To do. Return only the lines below starting at the line containing "Since the first" and ending at the line containing "стр. 32 Школа", both included, exactly as they are and with no pictures.

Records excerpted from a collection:
◆ ◆ ◆ ◆

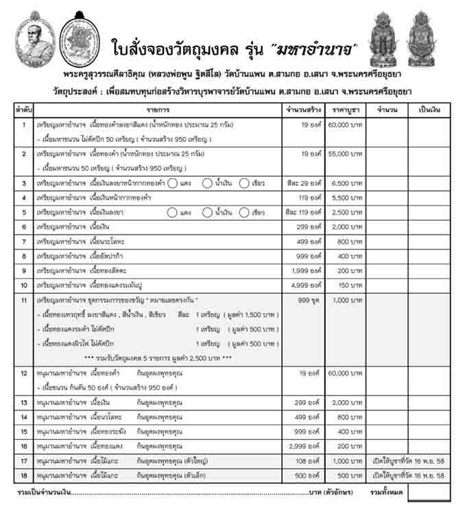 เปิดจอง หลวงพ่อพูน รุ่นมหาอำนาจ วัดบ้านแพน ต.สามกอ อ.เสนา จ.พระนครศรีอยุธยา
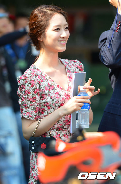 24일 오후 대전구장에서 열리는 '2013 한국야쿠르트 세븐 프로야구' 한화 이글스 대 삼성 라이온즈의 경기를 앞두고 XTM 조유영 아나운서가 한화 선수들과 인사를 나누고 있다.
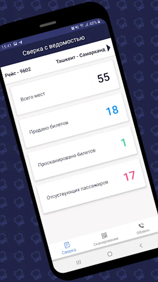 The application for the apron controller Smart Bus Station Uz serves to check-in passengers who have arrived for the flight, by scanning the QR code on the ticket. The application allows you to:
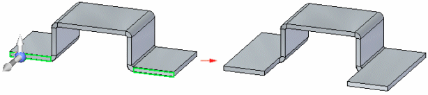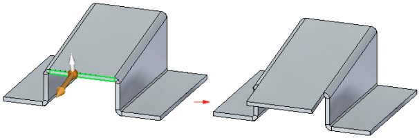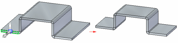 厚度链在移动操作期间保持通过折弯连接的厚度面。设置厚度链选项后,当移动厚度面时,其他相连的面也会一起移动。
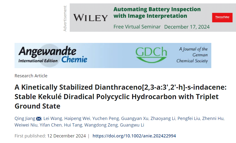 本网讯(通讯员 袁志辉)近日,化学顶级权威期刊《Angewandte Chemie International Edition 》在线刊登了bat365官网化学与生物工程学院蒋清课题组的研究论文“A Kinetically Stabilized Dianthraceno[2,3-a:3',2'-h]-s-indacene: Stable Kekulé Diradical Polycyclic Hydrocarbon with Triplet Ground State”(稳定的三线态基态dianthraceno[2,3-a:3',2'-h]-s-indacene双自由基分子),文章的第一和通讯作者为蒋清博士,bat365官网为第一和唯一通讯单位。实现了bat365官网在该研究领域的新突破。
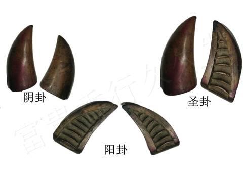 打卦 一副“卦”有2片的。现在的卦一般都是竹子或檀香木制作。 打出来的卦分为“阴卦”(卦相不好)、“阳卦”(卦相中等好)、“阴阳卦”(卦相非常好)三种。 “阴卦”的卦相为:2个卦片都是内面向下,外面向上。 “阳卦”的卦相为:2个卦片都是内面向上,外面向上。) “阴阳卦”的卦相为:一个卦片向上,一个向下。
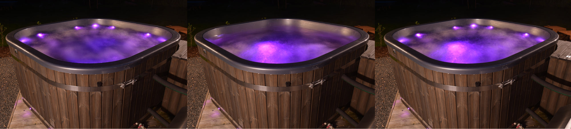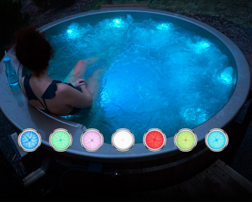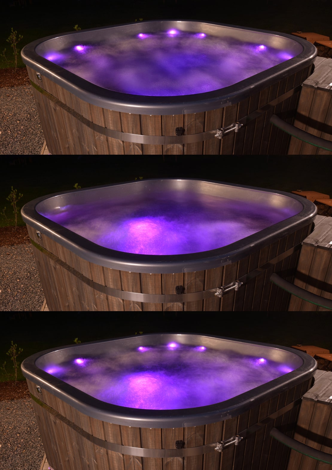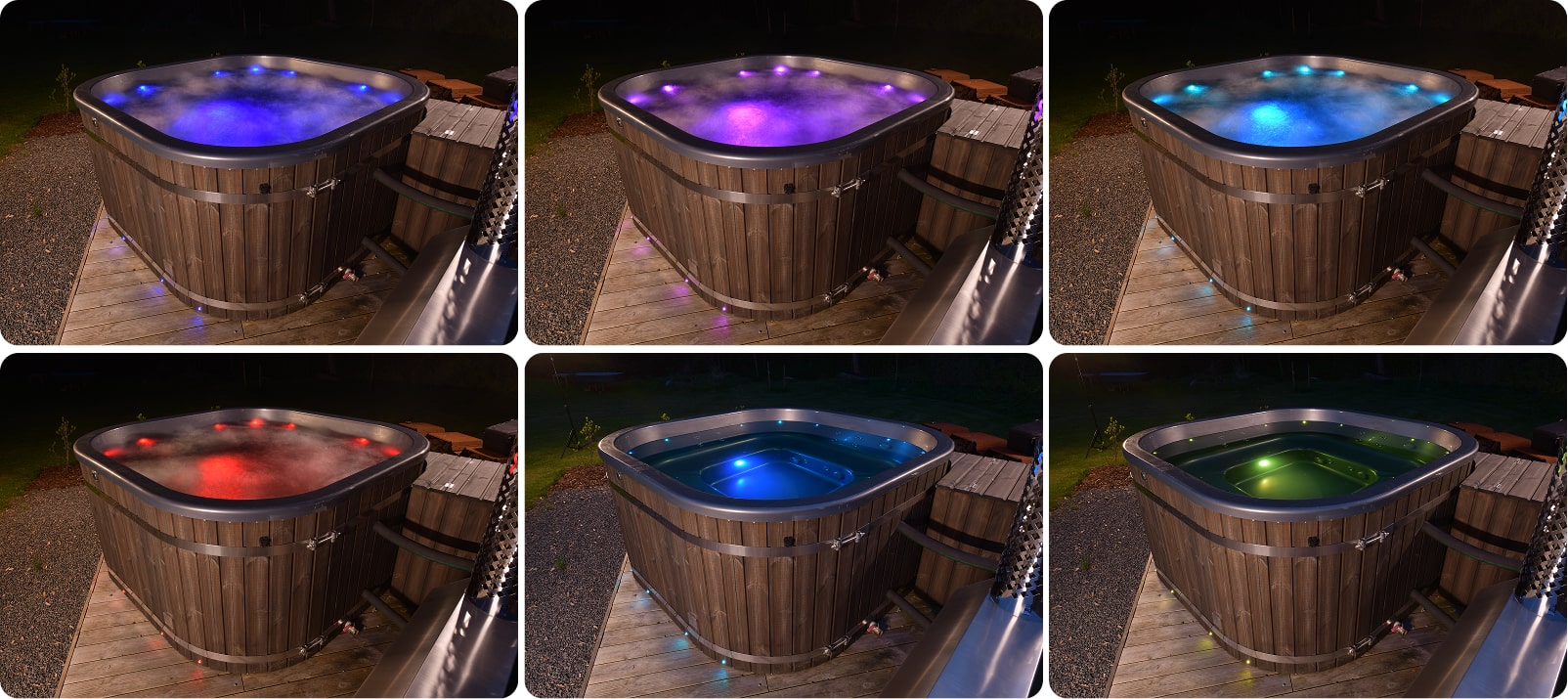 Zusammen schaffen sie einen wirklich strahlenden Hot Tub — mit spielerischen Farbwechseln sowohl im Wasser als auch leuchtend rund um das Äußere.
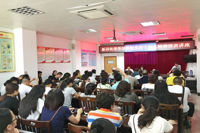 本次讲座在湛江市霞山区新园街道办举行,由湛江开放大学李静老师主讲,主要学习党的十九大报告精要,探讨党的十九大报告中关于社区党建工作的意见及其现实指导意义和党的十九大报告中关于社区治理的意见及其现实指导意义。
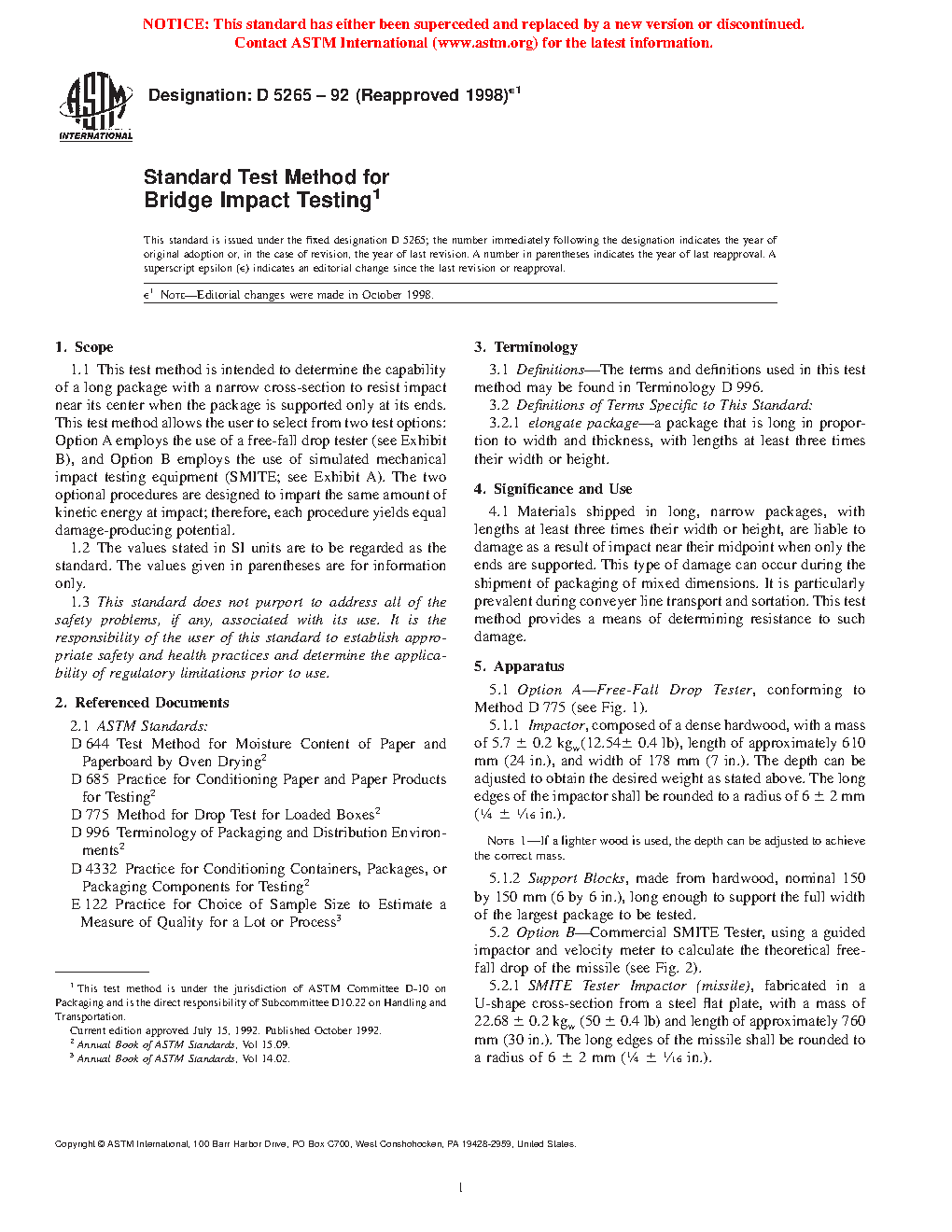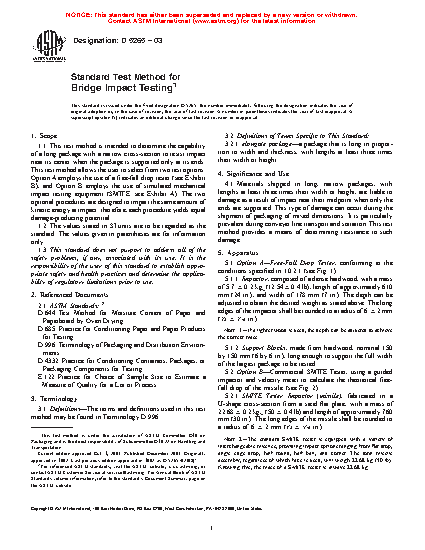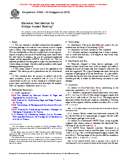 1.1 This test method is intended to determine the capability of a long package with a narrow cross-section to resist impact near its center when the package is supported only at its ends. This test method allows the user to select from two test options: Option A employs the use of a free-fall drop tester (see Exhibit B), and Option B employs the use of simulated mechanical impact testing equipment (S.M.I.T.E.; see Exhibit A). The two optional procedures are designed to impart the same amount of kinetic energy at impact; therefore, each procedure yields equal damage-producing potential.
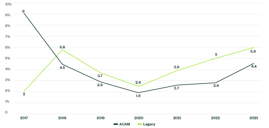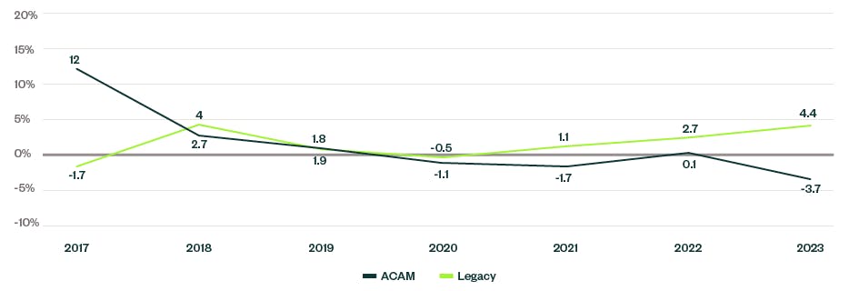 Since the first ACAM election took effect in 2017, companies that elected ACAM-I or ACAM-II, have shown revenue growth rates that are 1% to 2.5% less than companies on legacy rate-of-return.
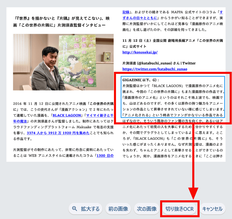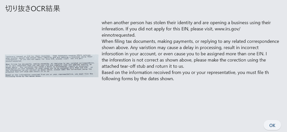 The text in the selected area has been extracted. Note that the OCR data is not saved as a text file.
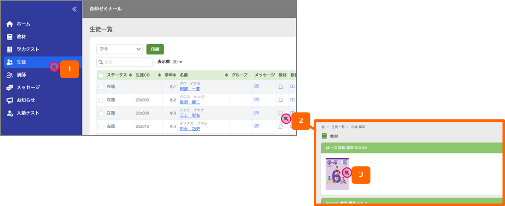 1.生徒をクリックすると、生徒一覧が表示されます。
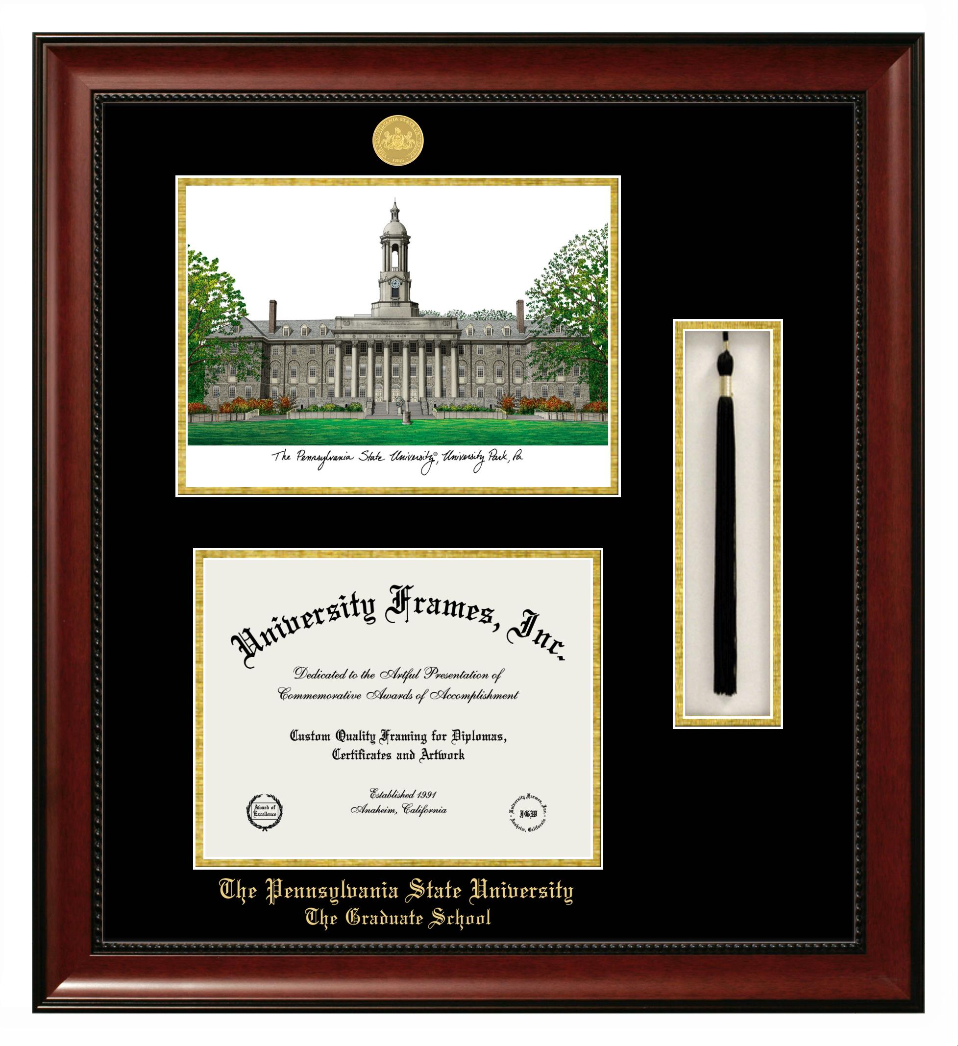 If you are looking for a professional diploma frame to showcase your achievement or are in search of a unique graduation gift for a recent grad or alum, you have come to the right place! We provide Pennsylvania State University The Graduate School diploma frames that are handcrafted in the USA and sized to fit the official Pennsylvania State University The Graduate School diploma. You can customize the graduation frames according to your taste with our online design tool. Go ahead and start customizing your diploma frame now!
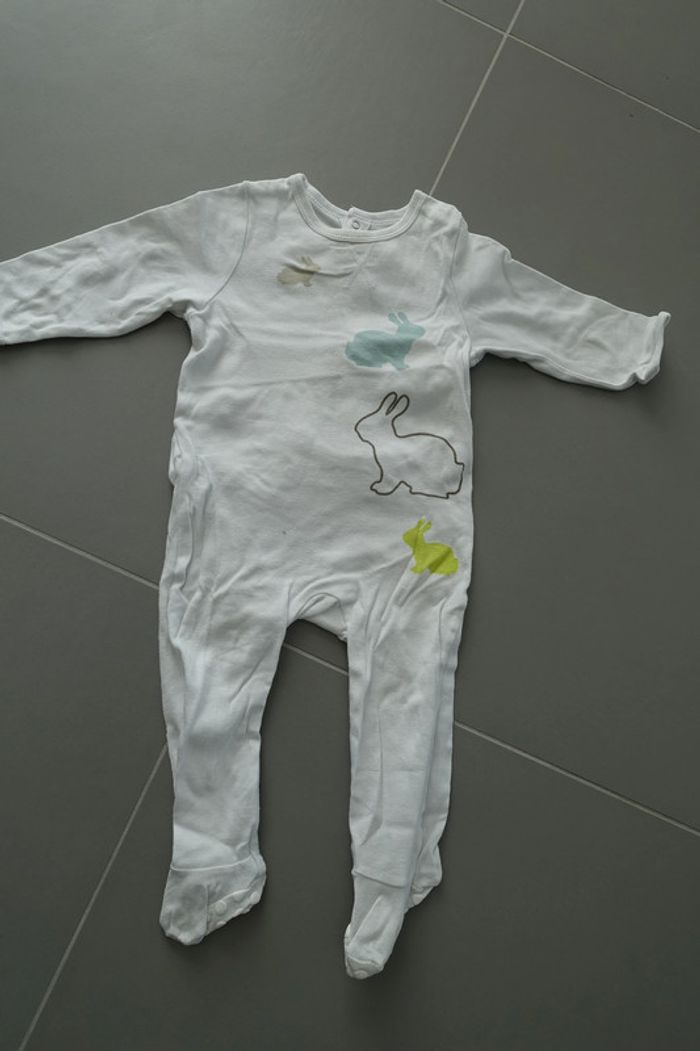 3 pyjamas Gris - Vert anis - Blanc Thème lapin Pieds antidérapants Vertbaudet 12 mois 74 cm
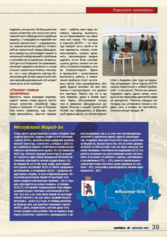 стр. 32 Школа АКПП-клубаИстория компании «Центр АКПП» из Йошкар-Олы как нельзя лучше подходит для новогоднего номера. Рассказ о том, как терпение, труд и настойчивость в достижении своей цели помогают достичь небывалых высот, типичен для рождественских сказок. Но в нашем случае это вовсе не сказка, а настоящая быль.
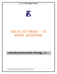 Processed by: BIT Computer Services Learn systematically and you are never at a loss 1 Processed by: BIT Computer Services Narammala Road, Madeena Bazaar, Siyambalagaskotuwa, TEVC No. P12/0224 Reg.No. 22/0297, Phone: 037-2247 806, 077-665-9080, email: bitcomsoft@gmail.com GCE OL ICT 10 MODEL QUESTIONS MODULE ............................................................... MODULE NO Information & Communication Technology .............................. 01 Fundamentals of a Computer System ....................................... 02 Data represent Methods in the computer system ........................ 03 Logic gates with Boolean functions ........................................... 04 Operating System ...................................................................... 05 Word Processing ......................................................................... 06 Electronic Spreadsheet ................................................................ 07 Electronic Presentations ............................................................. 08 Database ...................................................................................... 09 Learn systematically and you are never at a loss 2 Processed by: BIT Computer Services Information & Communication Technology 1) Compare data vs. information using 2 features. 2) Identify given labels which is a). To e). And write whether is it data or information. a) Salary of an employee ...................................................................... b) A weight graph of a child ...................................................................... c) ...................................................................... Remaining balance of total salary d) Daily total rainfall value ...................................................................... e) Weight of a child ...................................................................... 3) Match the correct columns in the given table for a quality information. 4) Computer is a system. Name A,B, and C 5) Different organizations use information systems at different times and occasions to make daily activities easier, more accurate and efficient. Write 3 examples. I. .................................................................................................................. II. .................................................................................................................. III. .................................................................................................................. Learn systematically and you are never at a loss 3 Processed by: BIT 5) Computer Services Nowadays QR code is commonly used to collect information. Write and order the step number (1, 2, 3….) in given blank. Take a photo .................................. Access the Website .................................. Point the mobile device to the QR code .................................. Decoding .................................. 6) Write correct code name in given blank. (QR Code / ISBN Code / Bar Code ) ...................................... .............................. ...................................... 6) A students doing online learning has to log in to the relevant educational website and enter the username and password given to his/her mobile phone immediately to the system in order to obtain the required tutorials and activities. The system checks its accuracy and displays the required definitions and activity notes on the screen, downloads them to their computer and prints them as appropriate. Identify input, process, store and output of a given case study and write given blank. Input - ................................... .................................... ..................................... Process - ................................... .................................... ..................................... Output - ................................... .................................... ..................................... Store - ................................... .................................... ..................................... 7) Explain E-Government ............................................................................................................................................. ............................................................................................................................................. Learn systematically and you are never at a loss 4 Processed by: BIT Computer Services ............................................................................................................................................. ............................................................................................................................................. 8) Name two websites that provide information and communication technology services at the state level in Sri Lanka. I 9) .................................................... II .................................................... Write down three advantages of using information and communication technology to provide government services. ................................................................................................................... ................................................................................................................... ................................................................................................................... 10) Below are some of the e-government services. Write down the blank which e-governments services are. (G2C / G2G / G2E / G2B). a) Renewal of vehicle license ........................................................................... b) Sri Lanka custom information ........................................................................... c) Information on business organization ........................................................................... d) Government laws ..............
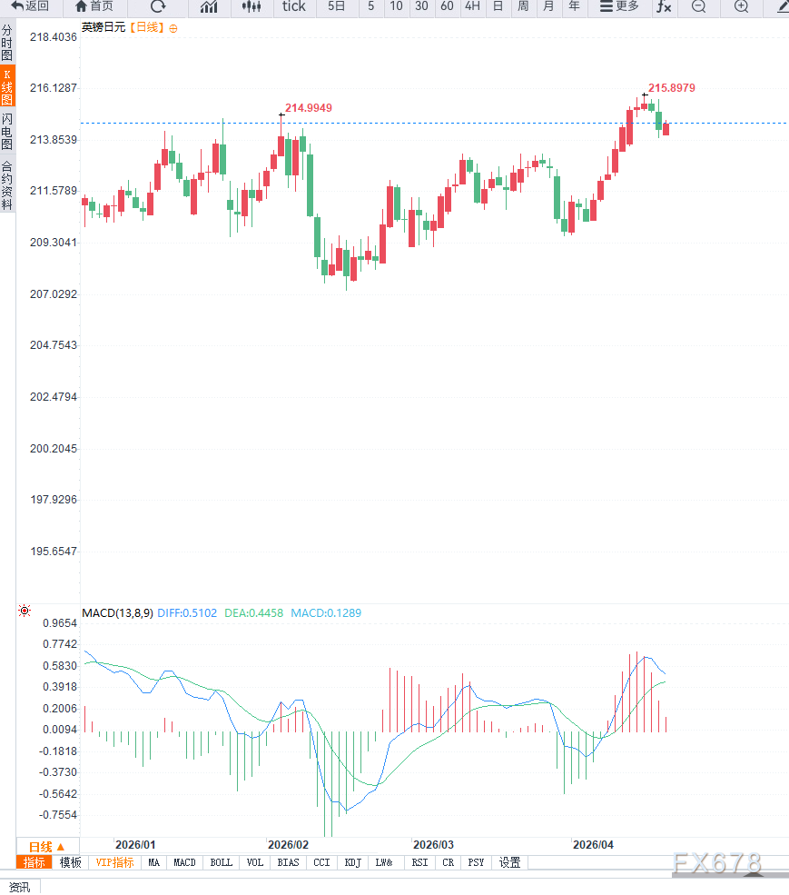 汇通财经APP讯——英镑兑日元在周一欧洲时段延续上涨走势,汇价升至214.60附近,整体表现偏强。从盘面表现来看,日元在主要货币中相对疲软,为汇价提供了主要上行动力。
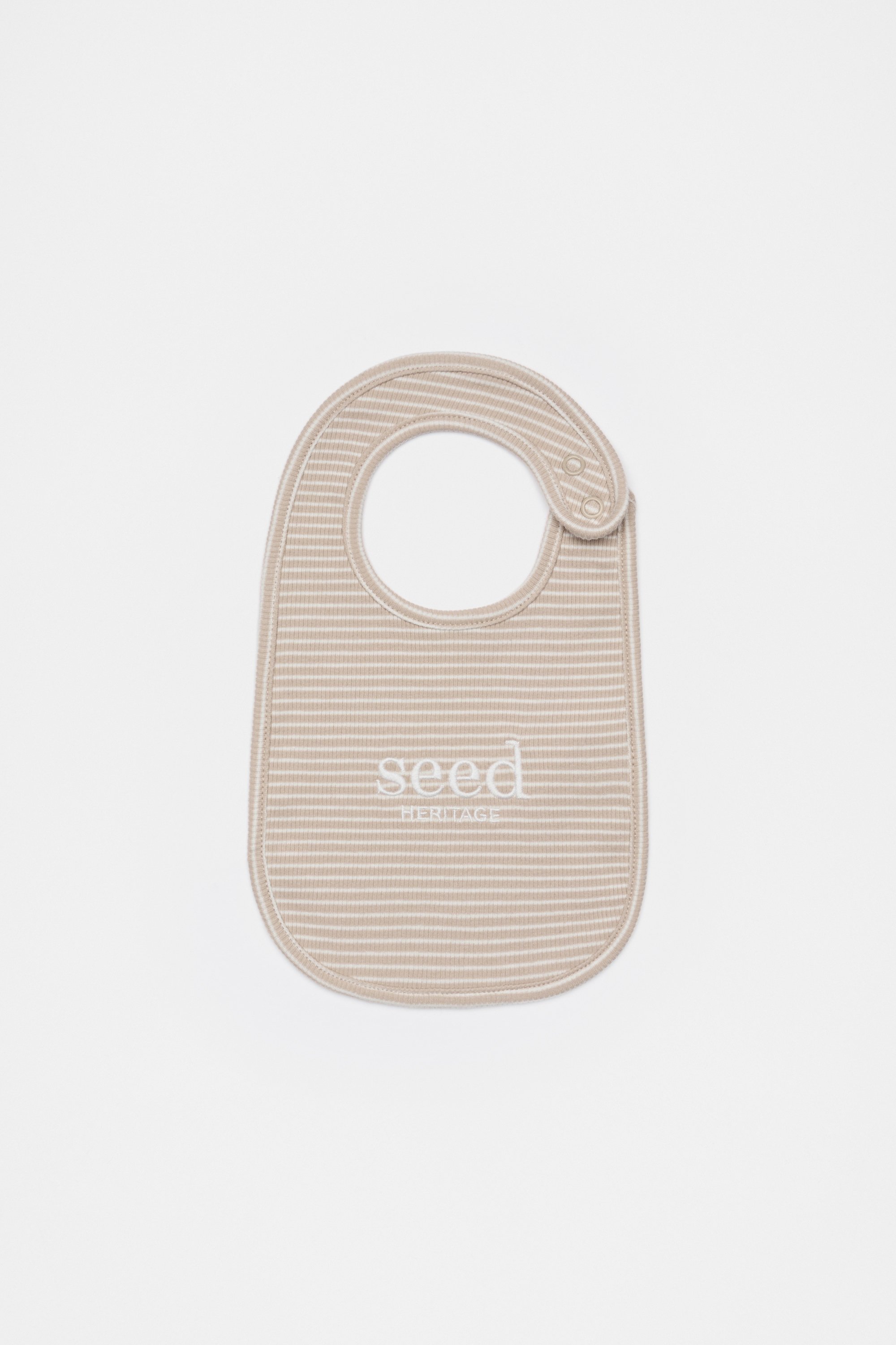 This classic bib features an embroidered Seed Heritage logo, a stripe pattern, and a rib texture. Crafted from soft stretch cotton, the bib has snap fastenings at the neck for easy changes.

◆ ◆ ◆ ◆

Result.
 Since the first ACAM election took effect in 2017, companies that elected ACAM-I or ACAM-II, have shown revenue growth rates that are 1% to 2.5% less than companies on legacy rate-of-return.
 The text in the selected area has been extracted. Note that the OCR data is not saved as a text file.
 1.生徒をクリックすると、生徒一覧が表示されます。
 If you are looking for a professional diploma frame to showcase your achievement or are in search of a unique graduation gift for a recent grad or alum, you have come to the right place! We provide Pennsylvania State University The Graduate School diploma frames that are handcrafted in the USA and sized to fit the official Pennsylvania State University The Graduate School diploma. You can customize the graduation frames according to your taste with our online design tool. Go ahead and start customizing your diploma frame now!
 3 pyjamas Gris - Vert anis - Blanc Thème lapin Pieds antidérapants Vertbaudet 12 mois 74 cm
 стр. 32 Школа АКПП-клубаИстория компании «Центр АКПП» из Йошкар-Олы как нельзя лучше подходит для новогоднего номера. Рассказ о том, как терпение, труд и настойчивость в достижении своей цели помогают достичь небывалых высот, типичен для рождественских сказок. Но в нашем случае это вовсе не сказка, а настоящая быль.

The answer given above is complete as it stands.